> _WHAT TO PRODUCE_: Transcribe each record exactly; skip any picture.

> _DATA SECTION_:
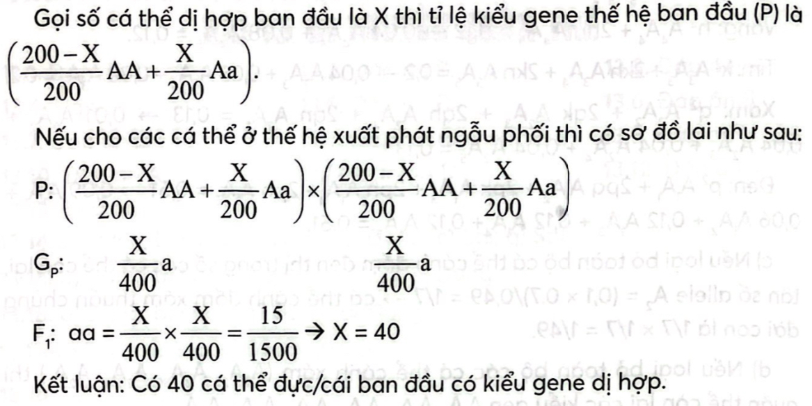 Câu 13.23: Một quần thể vật nuôi ngẫu phối, xét một gene có hai allele nằm trên nhiễm sắc thể thường có quan hệ trội lặn hoàn toàn. Trong đó tính trạng do gene lặn quy định là những tính trạng xấu nên những người chủ chăn nuôi thường xuyên phải loại bỏ chúng ra khỏi đàn. Khi cho giao phối ngẫu nhiên 200 cá thể đực, cái (tỉ lệ 1: 1) mang tính trạng trội, thu được đời con có 1500 cá thể con, trong đó có 15 cá thể mang tính trạng lặn. Giả sử không có đột biến mới xảy ra, hãy cho biết có bao nhiêu cá thể đực, cái thế hệ ban đầu đem lai có kiểu gene dị hợp.
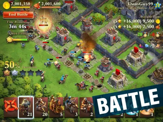 Strategize your way to victory in DomiNations, conquer civilizations old and new, across every age of history and defeat your enemies in epic real-time simulation games. Build your empire and protect it as it grows from a small village to a thriving metropolis. Bring your army to life to defeat enemies threatening your empire with strategy and tactics. Battle as one of the great civilizations from the history of the world.
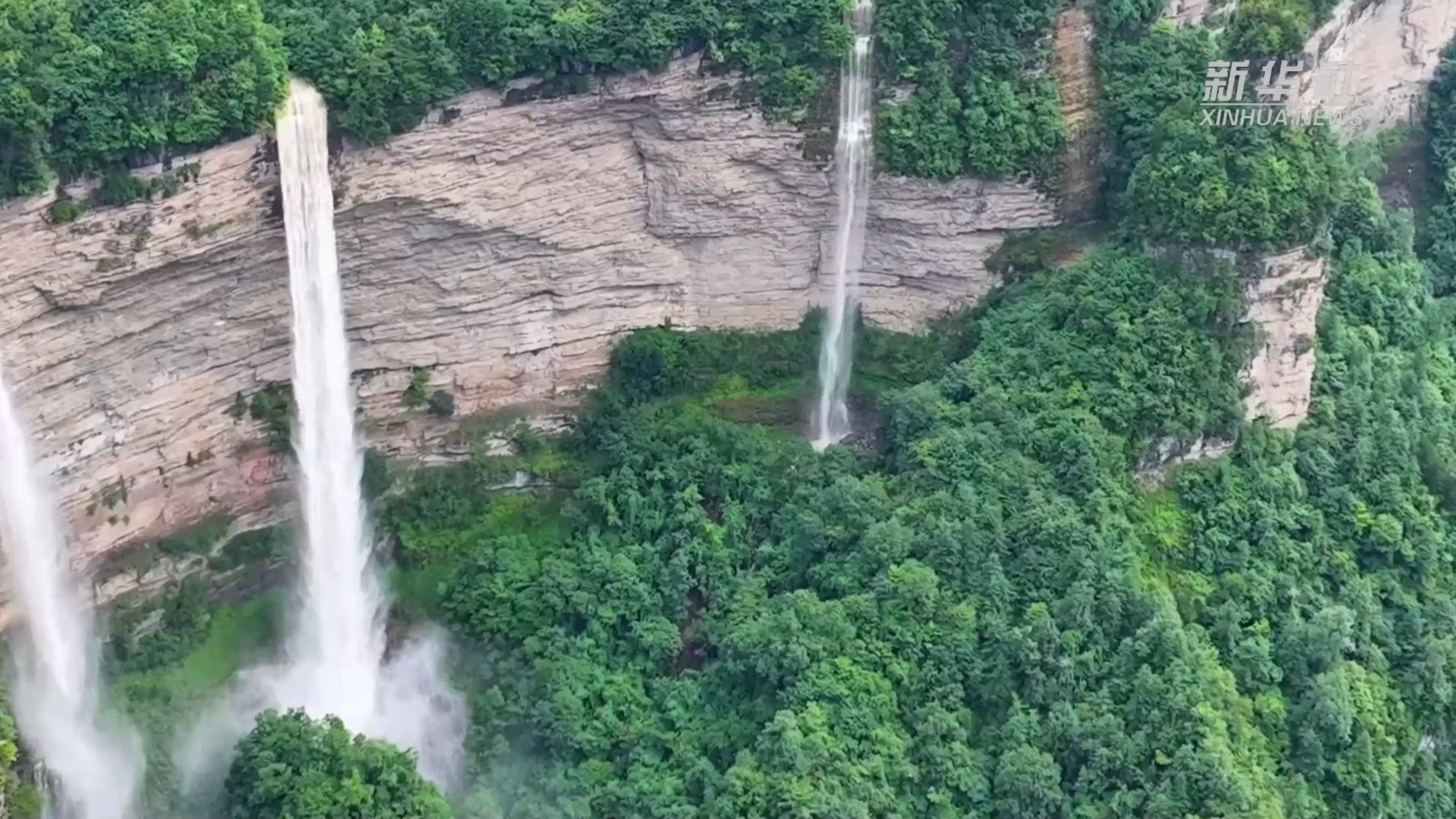 雨歇云未散,四川广元旺苍盐井河峡谷上数十条瀑布从百米崖壁奔涌而下,汇成“一峡十瀑”的壮丽奇观。沿着陡峭的峡壁,高瀑顺势而下,仿若银河倾泻,又似玉龙奔腾。
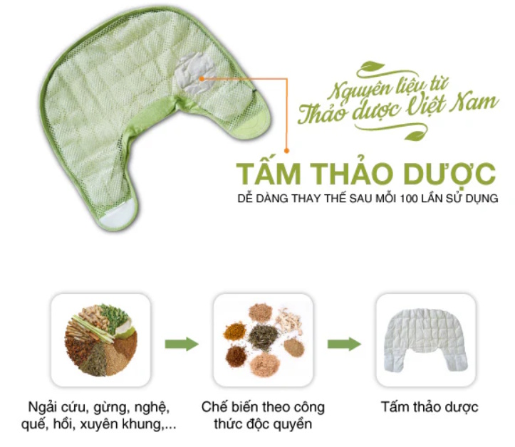 - Thành phần 100% thảo dược tự nhiên tại Việt Nam như: ngải cứu, gừng, thiên niên kiện, nghệ, xuyên khung, củ sả, quế, hồi, trần bì, bạch chỉ, cam thảo, tinh dầu tràm...
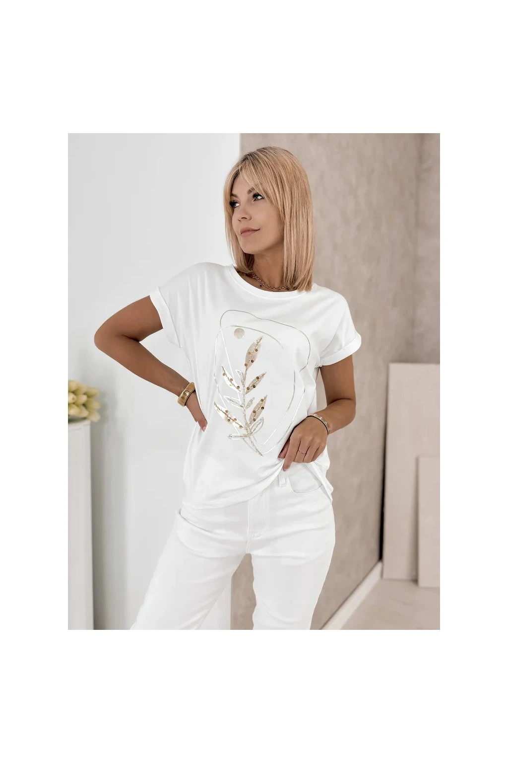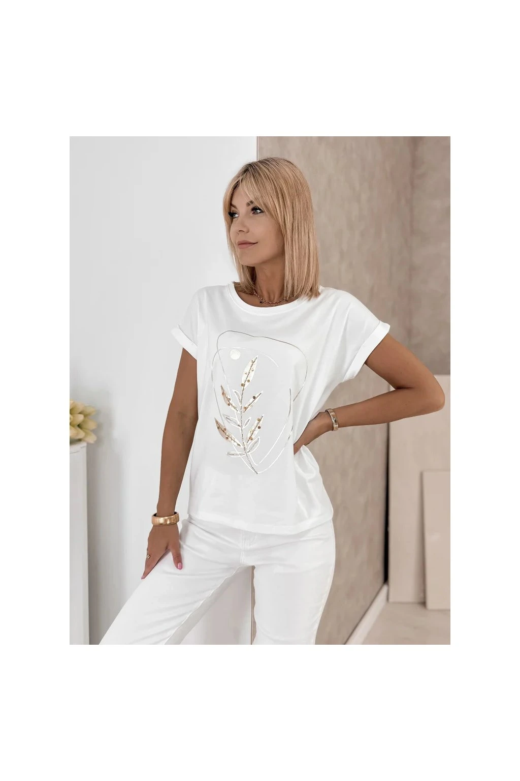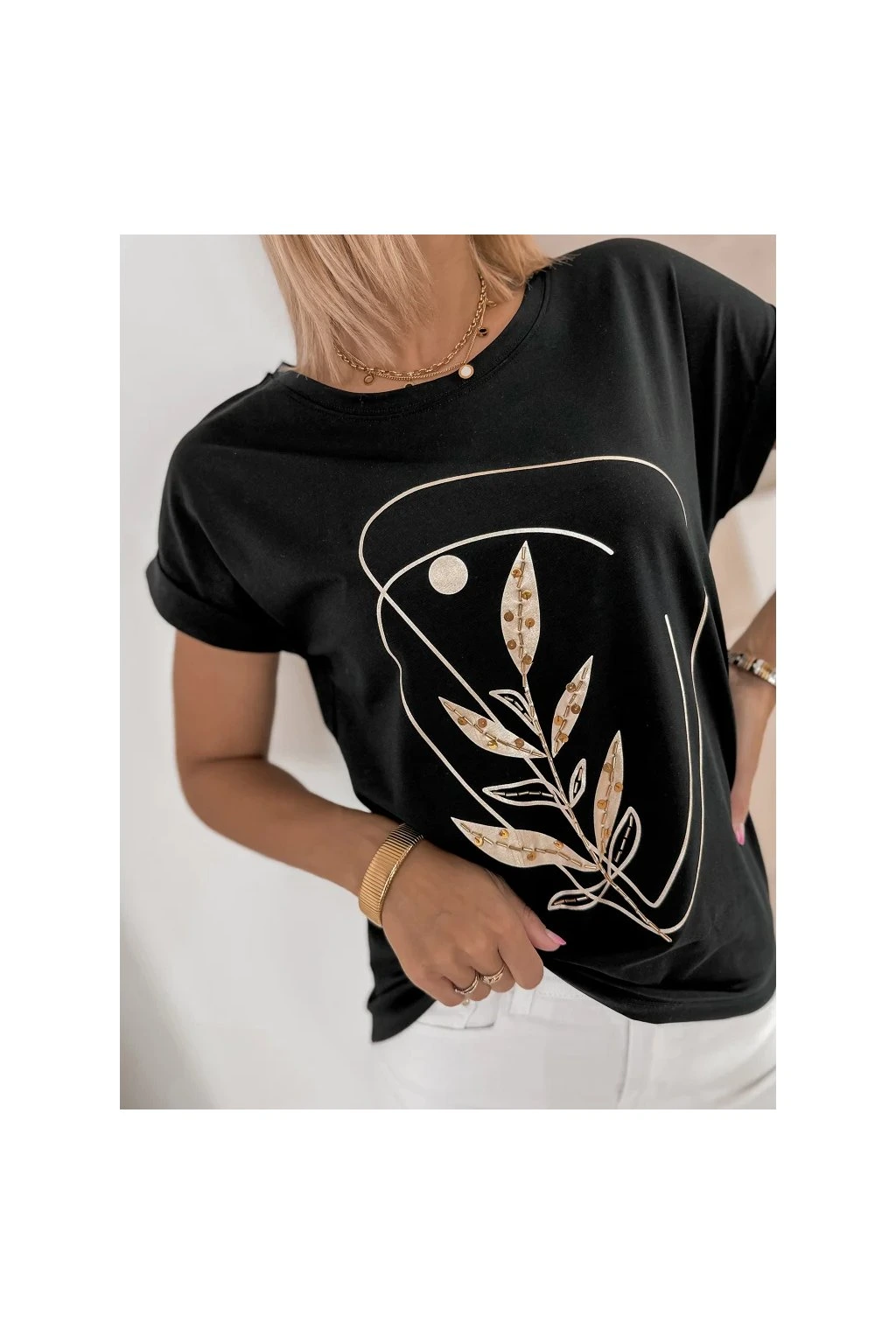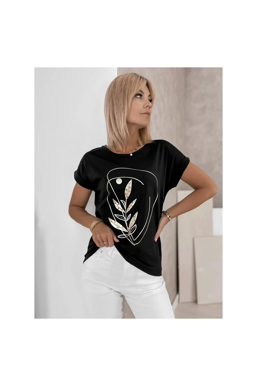 Elegantné dámske tričko je ideálnou voľbou pre každodenné outfity v modernom minimalistickom štýle. Decentná potlač s prírodným motívom dodáva modelu sofistikovaný vzhľad a ľahko ho skombinujete s džínsami aj elegantnými kúskami.

> _WRITTEN SOLUTION_:
 Câu 13.23: Một quần thể vật nuôi ngẫu phối, xét một gene có hai allele nằm trên nhiễm sắc thể thường có quan hệ trội lặn hoàn toàn. Trong đó tính trạng do gene lặn quy định là những tính trạng xấu nên những người chủ chăn nuôi thường xuyên phải loại bỏ chúng ra khỏi đàn. Khi cho giao phối ngẫu nhiên 200 cá thể đực, cái (tỉ lệ 1: 1) mang tính trạng trội, thu được đời con có 1500 cá thể con, trong đó có 15 cá thể mang tính trạng lặn. Giả sử không có đột biến mới xảy ra, hãy cho biết có bao nhiêu cá thể đực, cái thế hệ ban đầu đem lai có kiểu gene dị hợp.
 Strategize your way to victory in DomiNations, conquer civilizations old and new, across every age of history and defeat your enemies in epic real-time simulation games. Build your empire and protect it as it grows from a small village to a thriving metropolis. Bring your army to life to defeat enemies threatening your empire with strategy and tactics. Battle as one of the great civilizations from the history of the world.
 雨歇云未散,四川广元旺苍盐井河峡谷上数十条瀑布从百米崖壁奔涌而下,汇成“一峡十瀑”的壮丽奇观。沿着陡峭的峡壁,高瀑顺势而下,仿若银河倾泻,又似玉龙奔腾。
 - Thành phần 100% thảo dược tự nhiên tại Việt Nam như: ngải cứu, gừng, thiên niên kiện, nghệ, xuyên khung, củ sả, quế, hồi, trần bì, bạch chỉ, cam thảo, tinh dầu tràm...
 Elegantné dámske tričko je ideálnou voľbou pre každodenné outfity v modernom minimalistickom štýle. Decentná potlač s prírodným motívom dodáva modelu sofistikovaný vzhľad a ľahko ho skombinujete s džínsami aj elegantnými kúskami.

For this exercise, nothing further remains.